Pero, ya lo decíamos, la muerte también lo es y esa obra monumental que es su última película, Los misterios de Lisboa, lo refleja de una manera dramática. Cuando Ruiz la filmaba el año pasado, le descubrieron un cáncer fulminante y le diagnosticaron, literalmente, algunos meses de vida. Ruiz, antes de someterse a la única opción que había (la de un transplante de hígado, lo que no le daba mas de un 20% de chance de vida) aprovechó para terminar su película. Eso se ve perfectamente en las cuatro horas y media de film, en esos planos larguísimos que recorren viejos objetos bajo un claroscuro digno de Rembrandt, calaveras, naturalezas muertes, anamorfosis; pero lo que se observa igualmente es cómo el cine no puede sino ser un arte vitalista (optimista en el sentido de quien acepta con gozo y humor a la muerte), un arte de hacer vivir y morir a seres imaginarios que no son otra cosa que espectros. Hacer esa película, dijo Ruiz, lo salvó de la muerte, y se aprestaba, como siempre, a filmar otras decenas todavía, a sumar a las más de cien que hizo (algunos dicen que son en verdad más de 200, aunque, a decir verdad, ni él mismo sabía cuántas había hecho).

 

Sin embargo, la muerte, cómo no, triunfó y ahora está muerto. En lágrimas lo decimos, y en lágrimas lo despedimos ayer, en un día soleado de París, junto a los actores, amigos y admiradores que sentimos que nuestra vida cambiaba gracias a él.
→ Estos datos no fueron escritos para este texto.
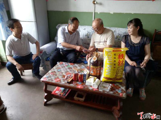 第六开展慰问困难党员送温暖活动。为了让困难党员感受到党的温暖,在“七一”建党节对王宝林、刘俊祥、赵德柱等8名困难老党员进行了走访慰问,为他们带去了党组织的关心慰问,并送去了米、油等生活用品。同时发放《宪法》宣传材料,进行了讲解宪法、宣传宪法。让党员群众提高法律知识,树立法制观念,增强法律意识。
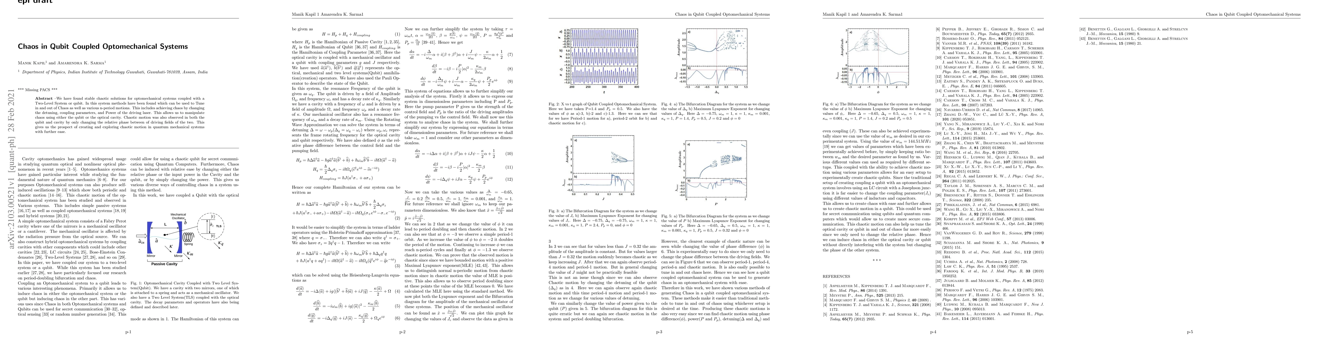 This research reveals stable chaotic dynamics in optomechanical systems coupled with qubits, allowing for manipulation of chaos via detuning, coupling parameters, and laser power. The study also demonstrates the ability to control chaotic motion through changes in the relative phase between driving fields, offering new avenues for exploring quantum chaos.
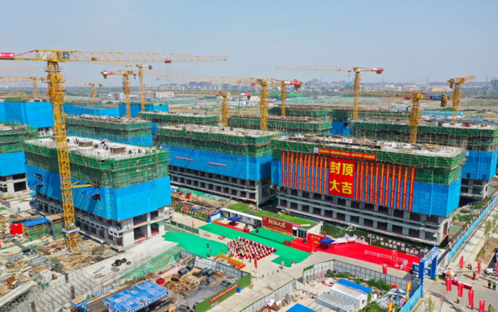 历经200多天奋战,徐工塔机为项目高速建设保驾护航。随着最后一立方米混凝土浇筑完毕,招商·公园1872项目一标段28栋住宅楼在启动区市场化项目中率先全部封顶!
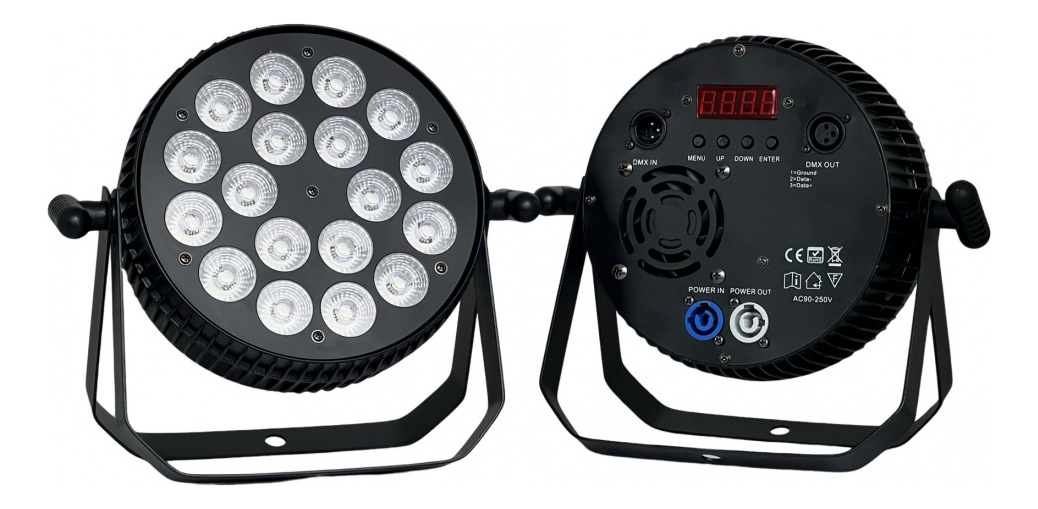 PAR LED FLAT – 18x10W (180w) RGBW 4-en-1 con Efectos Integrados
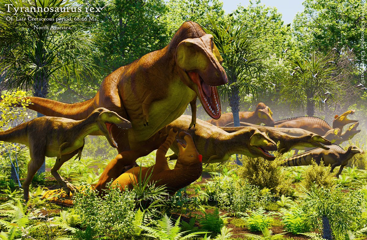A group of tyrannosaurus rex hunts down a herd of Edmontosaurus annectens on their migratory path. #tyrannosaurusrex #tyrannosaurus #dinosaur #paleoart #hadrosaurid #Edmontosaurus #paleontology #hadrosaurus
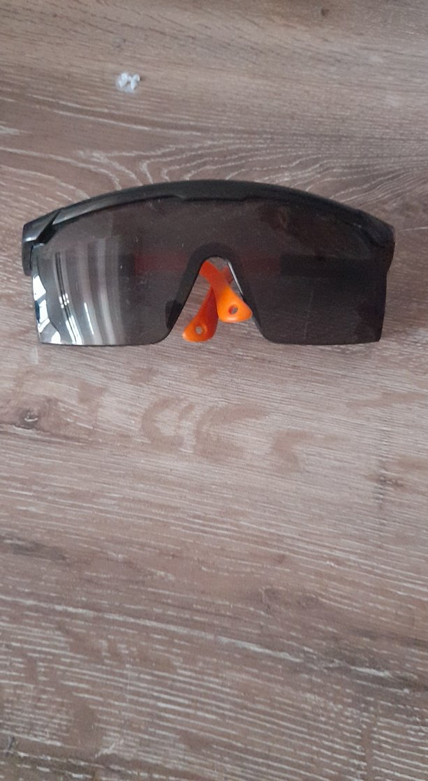 Siyah minimalist gözlük transparan ve desensiz plastik çerçeve ile koyu renk lenslere sahip, turuncu burun pedi konfor sağlar.
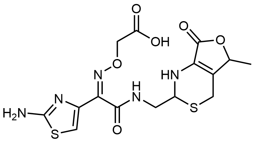 Synonyms: (Z)-2-(((1-(2-aminothiazol-4-yl)-2-(((5-methyl-7-oxo-2,4,5,7-tetrahydro-1H-furo[3,4-d][1,3]thiazin-2-yl)methyl)amino)-2-oxoethylidene)amino)oxy)acetic acid
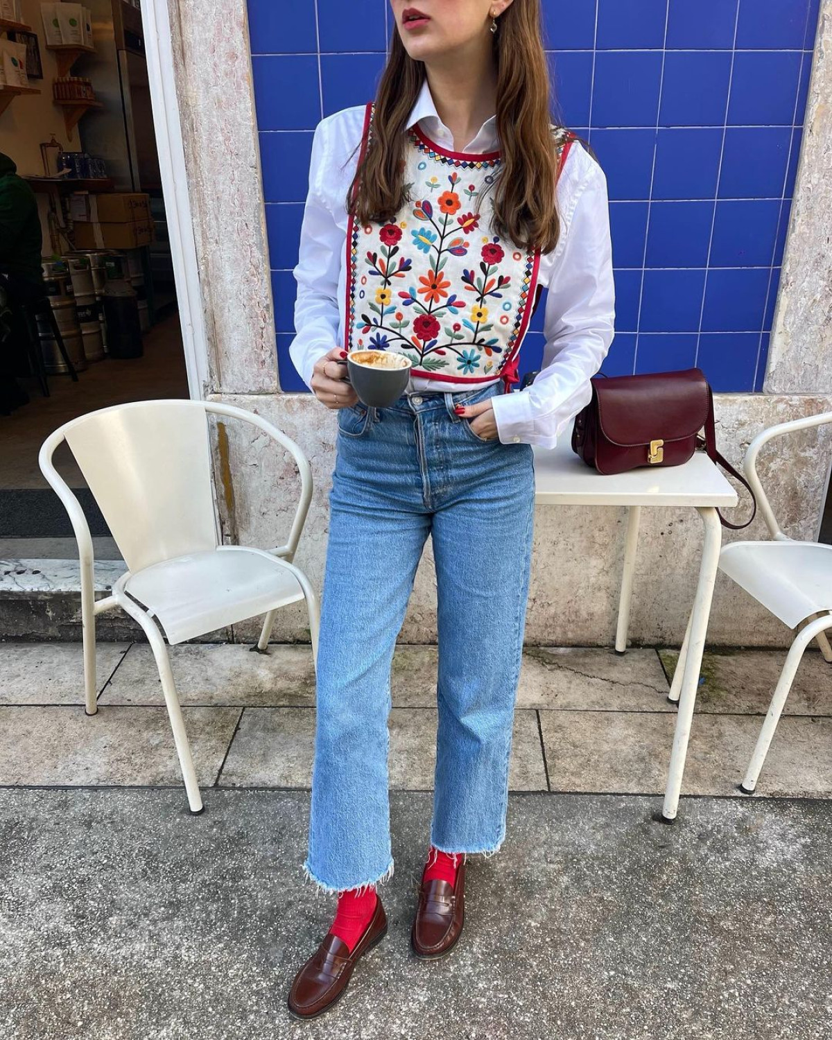 Паризька модна блогерка Marielle Haon показала стильний образ із базовими джинсами. Вона поєднала лляний жилет із зав`язками Yaryna zhylet, доповнений яворівським орнаментом, штани, білу сорочку та коричневі лофери. Яскравим акцентом стали червоні довгі шкарпетки.
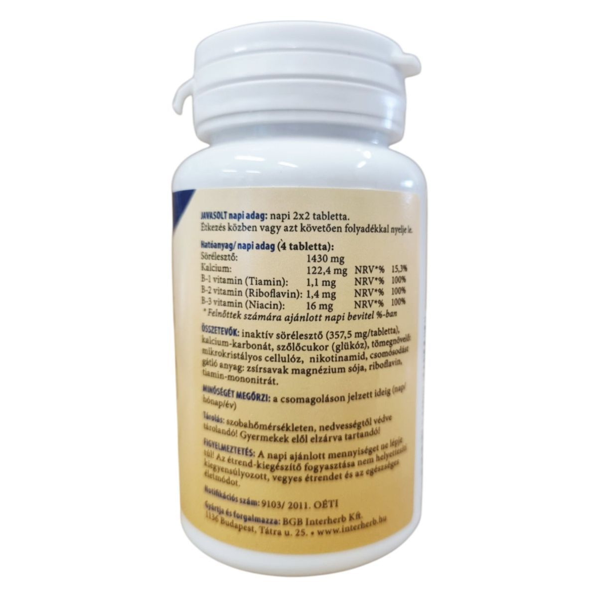 Inaktív sörélesztő (357,5 mg/tabletta), kalcium-karbonát, szőlőcukor (glükóz), tömegnövelő: mikrokristályos cellulóz, niacinamid, csomósodást gátló anyag: zsírsavak magnézium sója, riboflavin, tiamin-mononitrát.

En un bello discurso, su productor y amigo Paulo Branco contó que una de las últimas frases que Ruiz dijo a su mujer fue: “parece que ahora tengo que dormirme, sin embargo, no se olviden de despertarme”. Ahora es lo que haremos, sin duda, ahora que él es un espectro y nosotros nos dedicaremos a invocarle. Por ahora, en lágrimas, no queremos pensar en que esté dormido. Adiós, Raul Ruiz. Adiós, MAESTRO.